What can be excluded from martial assets?

On behalf of Gary Kirk of Kirk Montoute Dawson LLP posted in Family Law on Monday, August 3, 2015.

In almost every divorce case, a primary concern for both spouses is the division of assets. There is good reason for this, regardless of how long the couple has been married. Upon divorce, each spouse will embark upon a new chapter of life. Being secure financially can make the transition much easier than it otherwise would be.

Not all assets the spouses have will be divided in a divorce. That distinction is saved for those considered marital assets. In general, a marital asset is any property that is acquired in the course of the marriage. As is the case with many things in the law, there are exceptions to that rule.
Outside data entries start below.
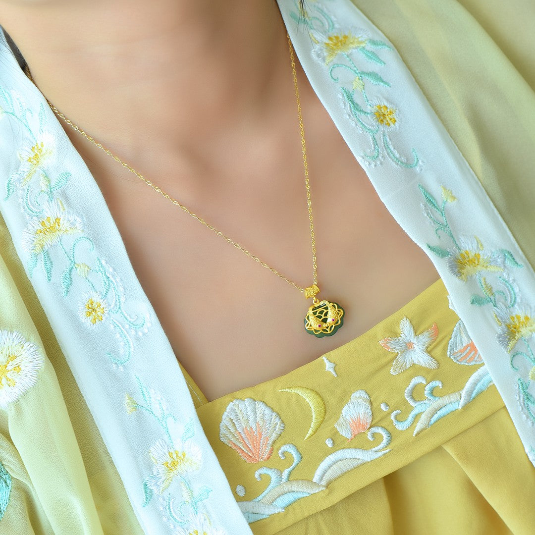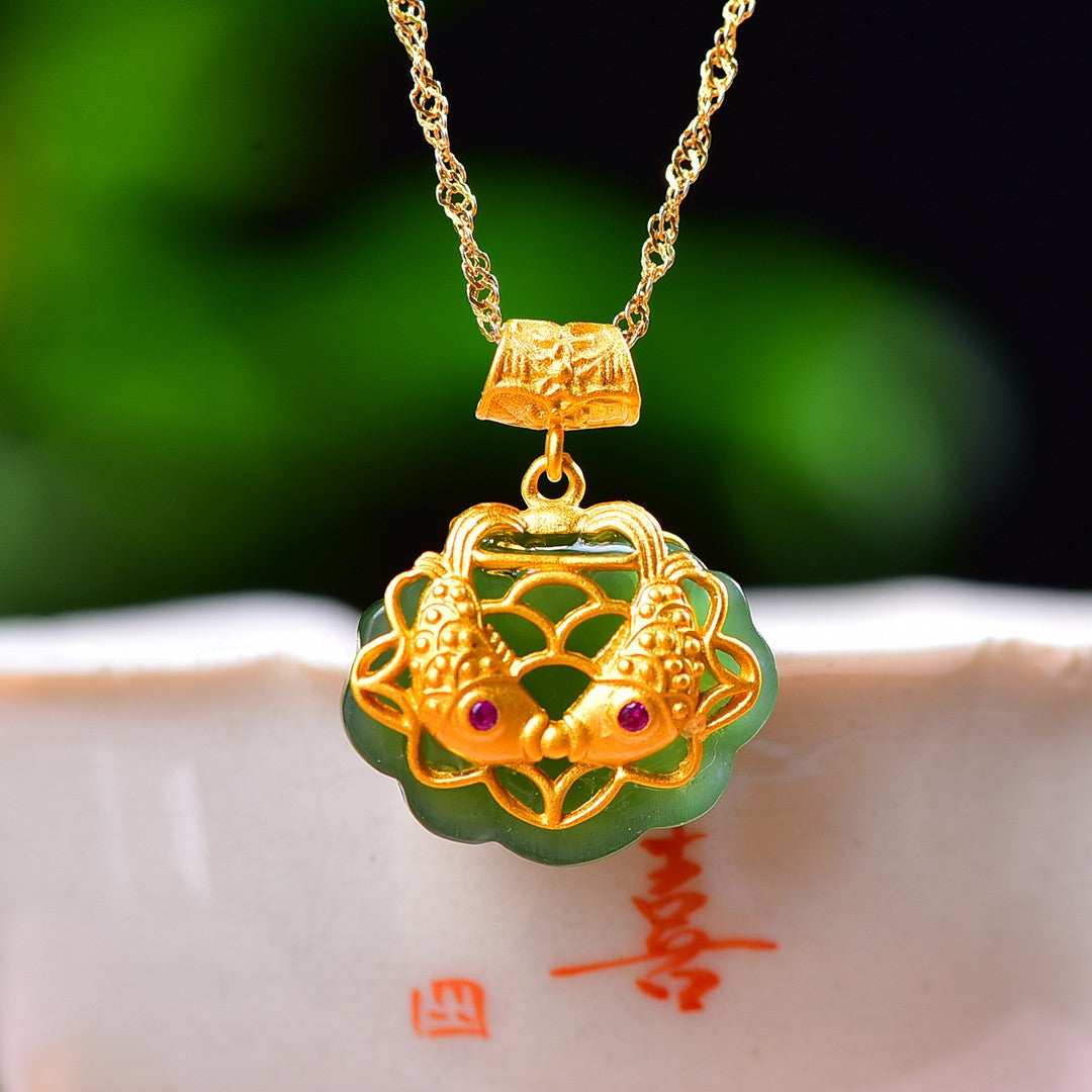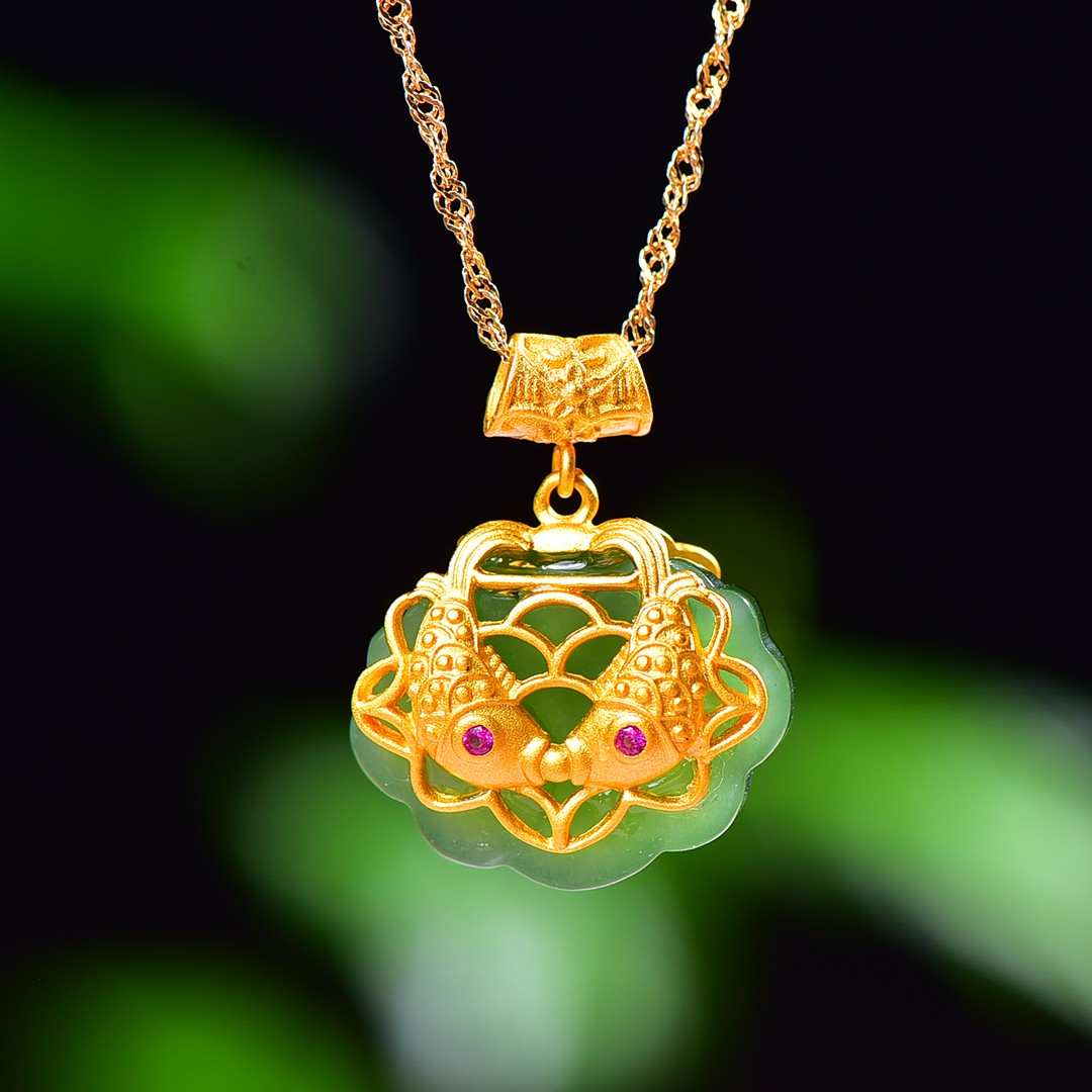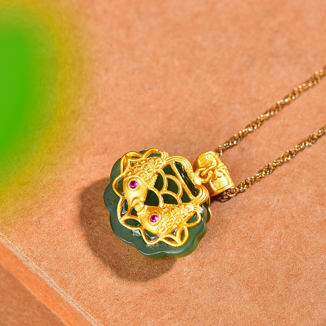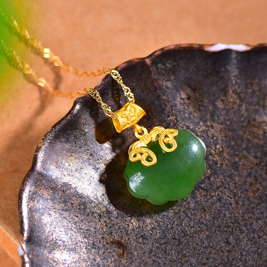 Silver gold plated Hetian jade pendant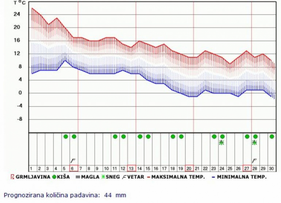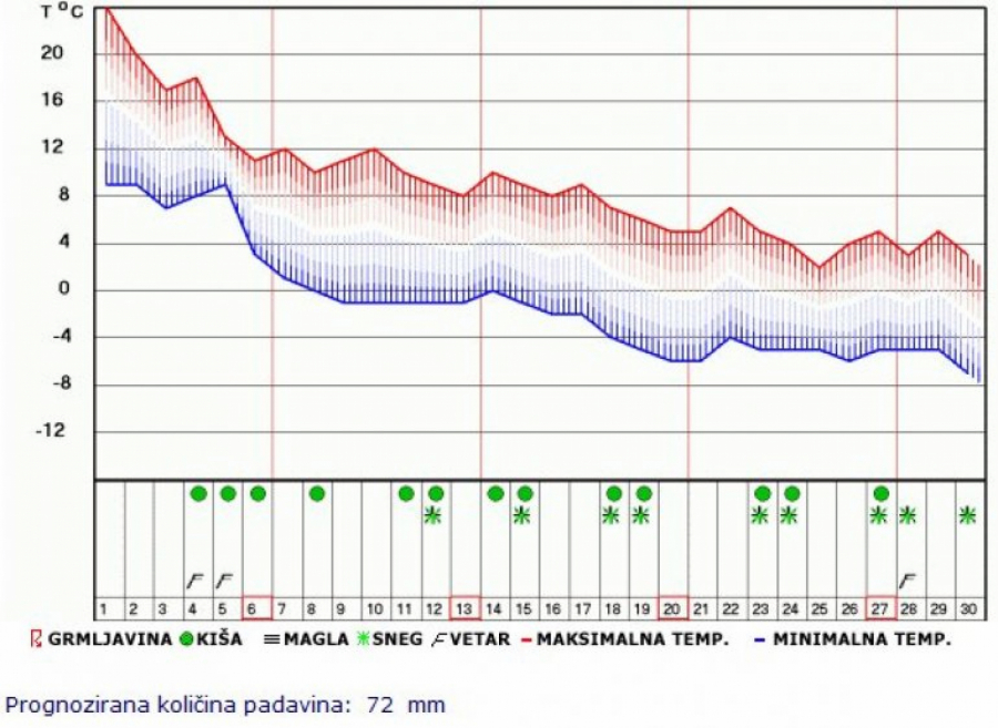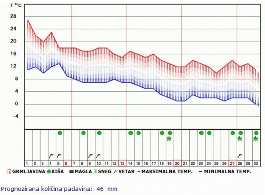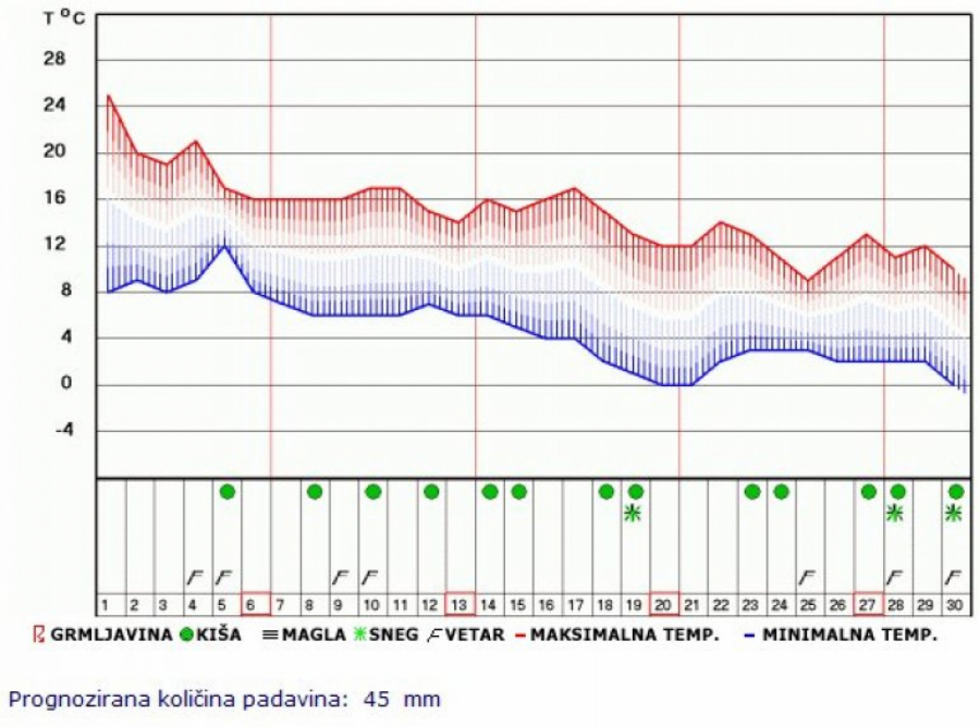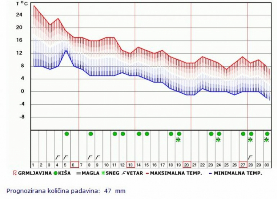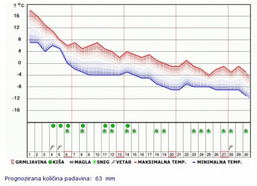 Po mesečnoj prognozi RHMZ-a, temperatura će biti u stalnom padu, dok se sneg u Beogradu, kao i u Novom Sadu i Kragujevcu očekuje 19. novembra.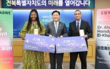 장성 박인석 기자2025. 11.04[뉴스채널]전북특별자치도가 아프리카 스포츠 부처 고위 관료들에게 도민증을 수여하며, 국제 스포츠 도시로서의 위상 강화에 나섰다. 김관영 도지사는 4일 도청 회의실에서 아프리카 짐바브웨 에밀리 제사야 국회의원 겸 스포츠․문화부 차관과 이집트 아흐메드 아즈미 사이드 청소년․스포츠부 차관에게 전북사랑 도민증을 수여했다. 이번 수여는 재외동포를 제외한 순수 외국인 대상으로는 첫 사례다. 두 차관은 앞으로 아프리카를 포함한 전 세계에 전북을 홍보하고 국제 스포츠 개최 최적지임을 알리는 글로벌 외교 동반자 역할을 수행하게 된다. 도는 지...

The first exception is the matrimonial home. This property does not need to be acquired during the course of the marriage to fit this definition. It also does not have to be in both spouses’ names. Instead, it is defined as the property that is shared by the couple while they are married.

Inheritances, gifts, trust money and insurance proceeds and settlements are also generally not considered to be part of the couple’s marital assets. This changes if during the marriage the money is used for the benefit of the family.

Property acquired after the couple separates, or that is exempted under a separate agreement or marriage contract, is also exempted, as are business assets.

Because the average individual is not aware of the various rules that apply to divorces, those who are in that situation should take steps to secure the best possible outcome. In most situations this involves seeking the assistance of a lawyer who has experience with divorces.